• DATASET RECORDS
☆ ☆ ☆ ☆ ☆ ☆ ☆
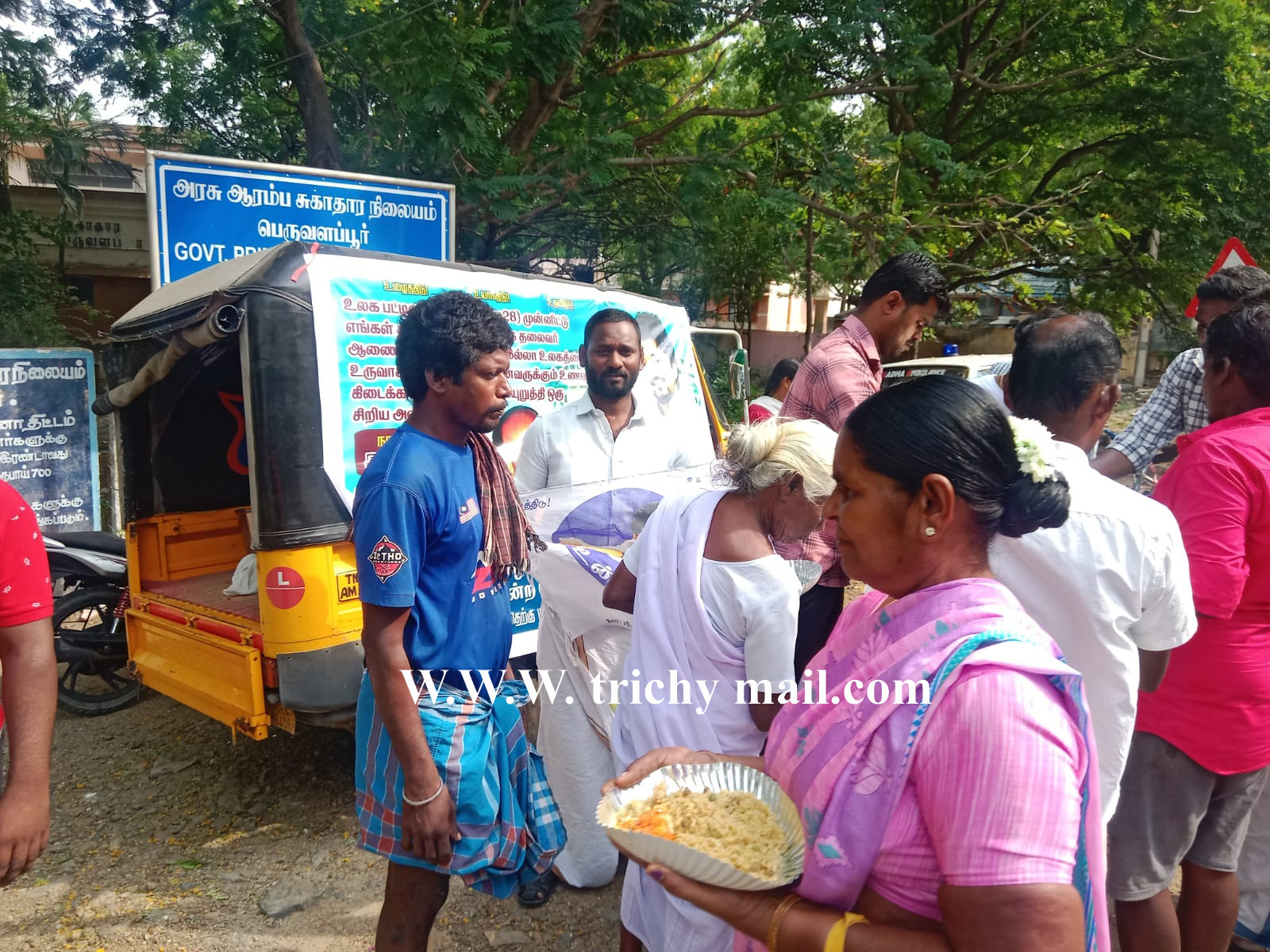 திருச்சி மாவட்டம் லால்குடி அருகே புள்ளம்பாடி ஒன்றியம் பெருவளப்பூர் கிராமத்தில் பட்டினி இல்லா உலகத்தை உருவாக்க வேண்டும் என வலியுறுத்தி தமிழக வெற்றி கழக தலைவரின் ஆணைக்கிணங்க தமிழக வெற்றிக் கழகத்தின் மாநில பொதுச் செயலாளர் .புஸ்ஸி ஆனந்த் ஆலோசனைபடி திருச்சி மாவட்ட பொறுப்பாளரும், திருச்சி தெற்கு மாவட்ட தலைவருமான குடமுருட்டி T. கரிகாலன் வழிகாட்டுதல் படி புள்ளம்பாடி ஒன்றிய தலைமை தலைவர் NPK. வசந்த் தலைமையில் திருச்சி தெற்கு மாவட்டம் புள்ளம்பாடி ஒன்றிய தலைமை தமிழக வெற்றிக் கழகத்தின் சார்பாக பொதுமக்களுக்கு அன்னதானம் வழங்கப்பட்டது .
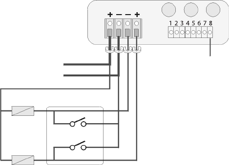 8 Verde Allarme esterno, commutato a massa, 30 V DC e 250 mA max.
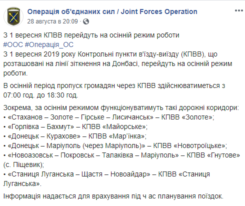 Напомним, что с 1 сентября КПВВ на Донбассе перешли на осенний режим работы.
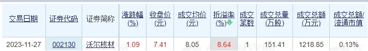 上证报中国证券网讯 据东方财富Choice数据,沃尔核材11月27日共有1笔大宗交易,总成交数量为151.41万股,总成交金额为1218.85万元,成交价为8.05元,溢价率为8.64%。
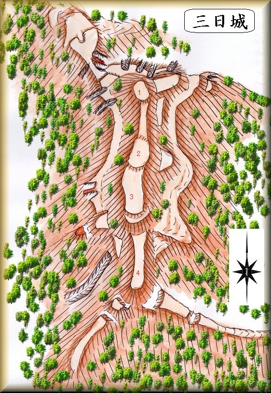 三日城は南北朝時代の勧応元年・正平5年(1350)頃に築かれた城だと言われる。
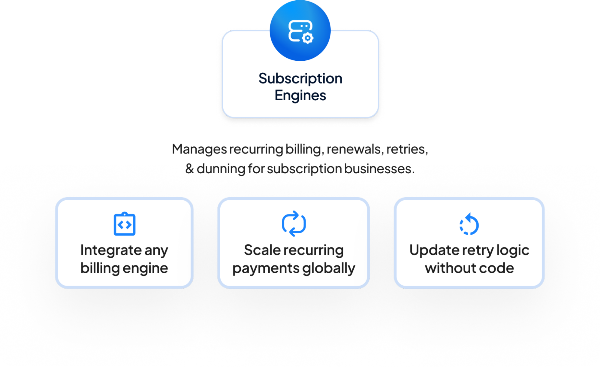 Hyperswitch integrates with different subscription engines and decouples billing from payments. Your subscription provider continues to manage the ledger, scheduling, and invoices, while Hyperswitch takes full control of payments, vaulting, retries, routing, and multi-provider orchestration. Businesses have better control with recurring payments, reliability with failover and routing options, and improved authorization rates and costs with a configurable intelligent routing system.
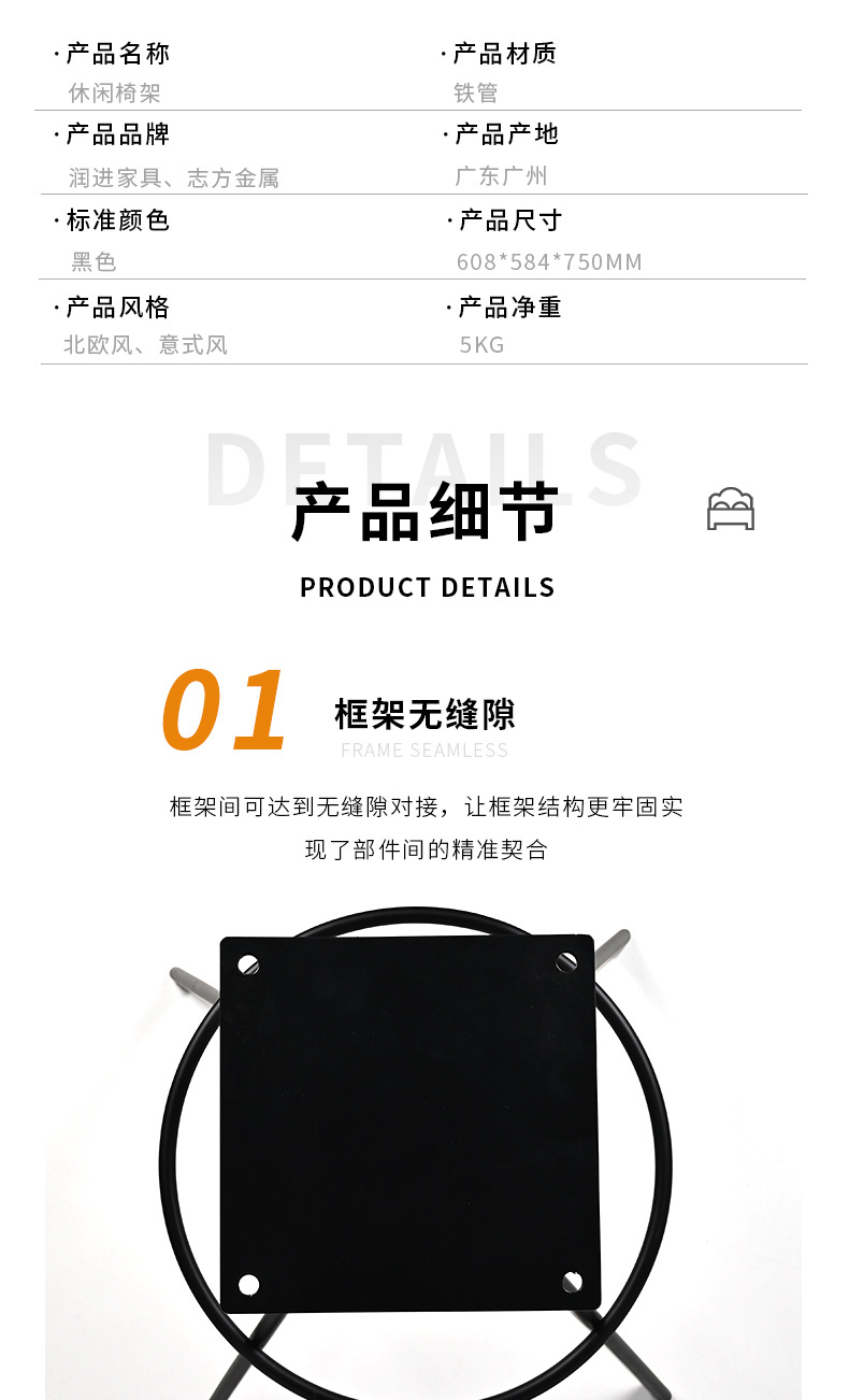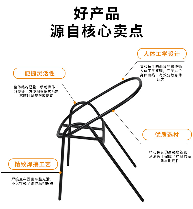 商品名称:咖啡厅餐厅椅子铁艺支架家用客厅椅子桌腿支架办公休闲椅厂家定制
☆ ☆ ☆ ☆ ☆ ☆ ☆
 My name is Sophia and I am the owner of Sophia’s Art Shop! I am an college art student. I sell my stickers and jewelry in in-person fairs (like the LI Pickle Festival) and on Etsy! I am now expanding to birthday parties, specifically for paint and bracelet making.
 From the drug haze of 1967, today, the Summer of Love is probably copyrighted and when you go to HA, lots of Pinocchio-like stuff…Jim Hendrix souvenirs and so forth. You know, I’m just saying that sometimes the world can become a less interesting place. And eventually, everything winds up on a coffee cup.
☆ ☆ ☆ ☆ ☆ ☆ ☆
• EXERCISE
Transcribe, from the material above, the stretch starting at the line with "三日城は南北朝時代の勧応元年・正平5年(1350)頃に築かれた城だと言われる。" and ending at the line with "商品名称:咖啡厅餐厅椅子铁艺支架家用客厅椅子桌腿支架办公休闲椅厂家定制", both included, exactly. Do not carry over pictures.

• ANSWER SECTION
 三日城は南北朝時代の勧応元年・正平5年(1350)頃に築かれた城だと言われる。
 Hyperswitch integrates with different subscription engines and decouples billing from payments. Your subscription provider continues to manage the ledger, scheduling, and invoices, while Hyperswitch takes full control of payments, vaulting, retries, routing, and multi-provider orchestration. Businesses have better control with recurring payments, reliability with failover and routing options, and improved authorization rates and costs with a configurable intelligent routing system.
 商品名称:咖啡厅餐厅椅子铁艺支架家用客厅椅子桌腿支架办公休闲椅厂家定制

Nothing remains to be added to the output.